After some discussion with Russel Wallace, I've come to a few conclusions about my procedural logic project.


  1. FRP provides an in-principle answer: there is no essential problem with describing behavior-in-time in a logically pure way. You just assert some things about how a system behaves through time. There are certainly questions about the details, but the problem of describing actions with logic is not as nebulous as I was making it. It's computer science, not artificial intelligence.
  2. The problem which is nebulous is the "reflection problem" that I mentioned in the previous post. This is the problem of making a system which dynamically reasons about and improves its own implementation. It's possible to reduce many aspects of this to computer science as well, but ultimately it is an "AI kind of thing" to worry about.
  3. The main technique for making #2 more tractable is to "stage" the reflection, separating an action and reflection on that action. For example, the kind of dynamic priority assessment I was imagining (allowing reasoning about the priority of a task between the time when the task is added to the queue and its execution) is just not a great idea. It's better to reason about the priority of rules.
When it's possible to reduce something to a computer science problem rather than an AI problem, the results become more generally applicable. I mean two things by this. First, it's a computer science problem when it doesn't depend on any standpoint concerning what intelligence is, best approaches to achieving AI, et cetera. It cuts out philosophical stuff and just focuses on a practical problem, with no need to justify itself via claims about building a thinking machine within 20 years. Second, it generally falls within the polynomial-time asymptotic complexity class, rather than exponential-time. Exponential time problems are roughly where the need for methods we refer to as "AI" start, because we need to rely on heuristics for approximate problem-solving. Obviously there is an advantage if we can manage to work on poly-time problems rather than exp-time problems.

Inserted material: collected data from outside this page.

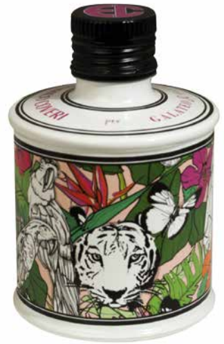
Chianti Wine Vinegar
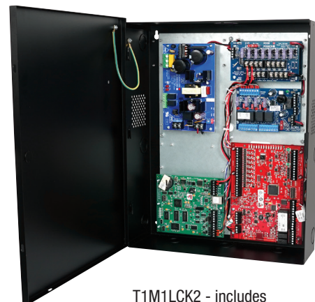
T1M1LCK2 - includes AL400ULXB2, PDS8, VR6, ACM4, wire harnesses and wire magnets
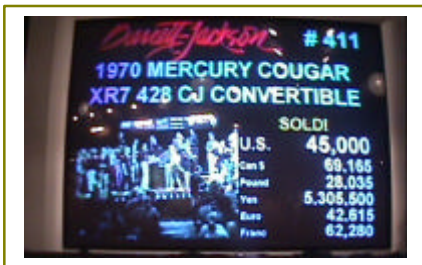
428 CJ Engine Cars Led The Pack r
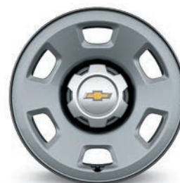
16" Ultra Silver Metallic Painted-Steel (Standard on Base and WT)
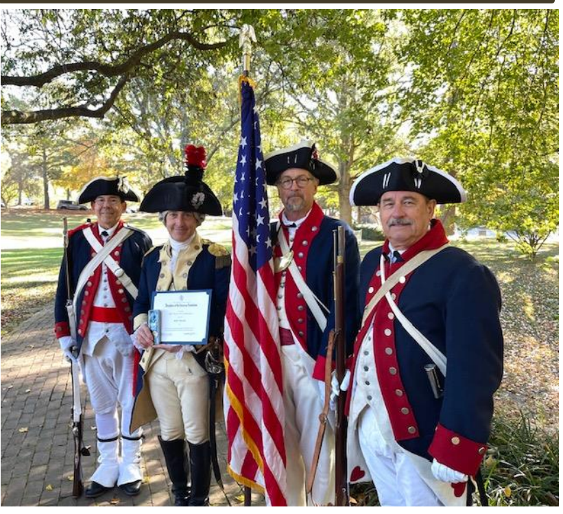
3 November DAR 250th Marker Dedication
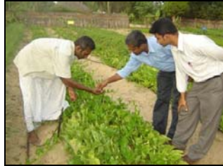
RRI- TECH training Programme

of these people came to Galle to take part in a cross-border training programme on Analog Forestry. At the completion of this workshop, a one year Analog Forestry reforestation programme was designed in order to help assist TECH and its beneficiary farming communities in Vadamarachchi East. The objective of the follow up training programme is to assess the successes and drawbacks of the implementation of the one year model.
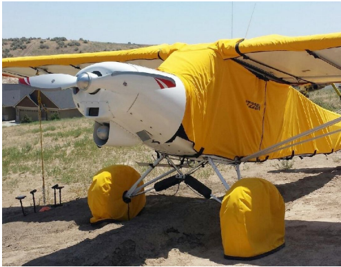
Piper PA-18 Super Cub Extended Canopy Cover, Wing & Tire Covers

ALL-YEAR USE MATERIAL - Made with Silver Acrylic Sunbrella canvas, the all-year use material is the best option for sun protection and cover longevity. This heavier more durable material is intended for all weather conditions, such as rain and snow or lots of sun.
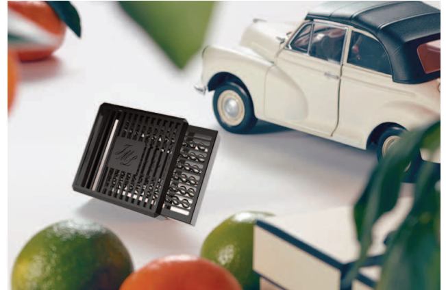
JO MALONE Fragrance diffuser for the car
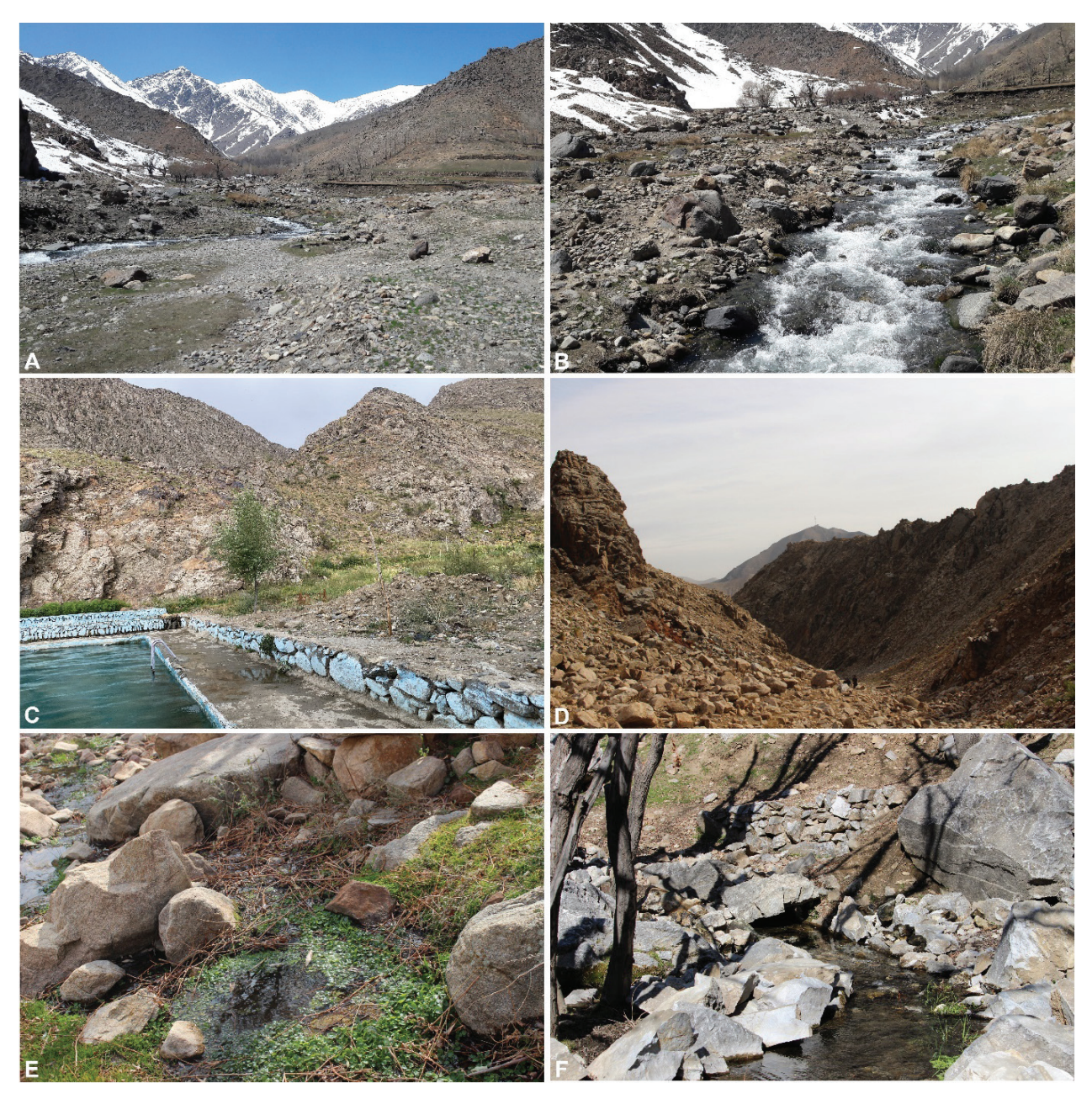
Figure 2. Localities and habitats in Afghanistan where Paradactylodon (Afghanodon) mustersi were observed. A , B . Paghman area, Kabul Province (three individuals at April 8, 2017); C . Paghman area, Kabul Province, a human-made pool (one individuals, July 15, 2021); D , E . Shutul Valley, Panjsheer Province (five individuals, November 9, 2018); F . Gardana Qalatak area, Salang, Parwan Province (three individuals, May 3, 2019).

Two field surveys in Gardana Qalatak ( 35.2317^{\circ}N , 69.2086^{\circ}E , 2,009 m; Fig. 1, loc. 9; Fig. 2F) of the Salang Valley in Parwan Province resulted in observations of three individuals (Fig. 3E). These were found under rocks in shallow water, where the stream flow was relatively low, as well as near springs that produced cooler water ( 10.8 \ ^{\circ}C ) than that of the stream. One individual was found during the 2018 December investigation in running water and was fully active. Vegetation that covered streams included N. officinale , Schoenoplectus lacustris , and Cynodon dactylon . This locality confirmed the historical records of the species in the Salang area.
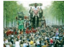
The Sultan's Elephant , a production by Artichoke, 2005.
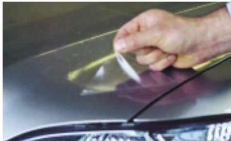
Optical clarity and high gloss

You can't see it, yet VentureShield™ is so tough it's used for abrasion protection on aircraft propellers and rotors!
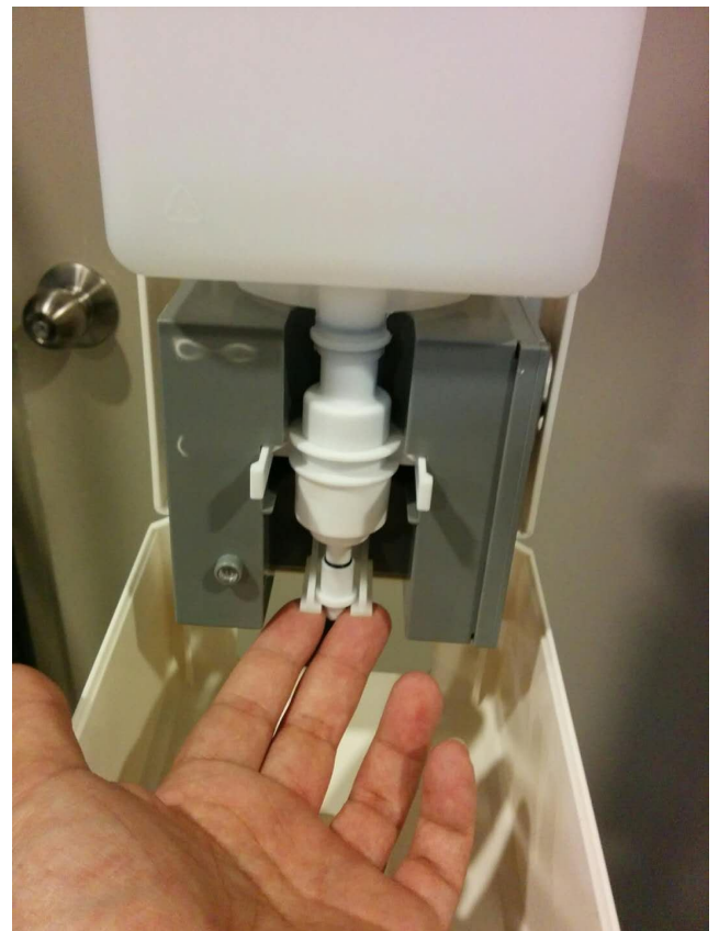
8) Placing two fingers under plastic tab at bottom of dispenser, press upwards and release several times to ensure smooth movement.

Whereas FRP-like solutions to the procedural logic question involve programs which only refer to their external behavior, and so can be implemented in whatever way is convenient, reflective procedural logic would refer to its implementation details. It's possible that it could still maintain a certain amount of purity, but it's difficult to say.

I'm working on a bare-bones implementation of Dyna, with the goal of seeing how much reflection I can conveniently add. I also have a few other goals for the project (but these are not high priorities):
  • Integrate functional and logical programming, as with Curry and Mercury
  • Integrate the pattern calculus, a generalization of lambda calculus for pattern matching
  • Use a type system modeled after the one Qi uses
  • Try FRP
  • Try uniqueness types
We'll see how far I get. :)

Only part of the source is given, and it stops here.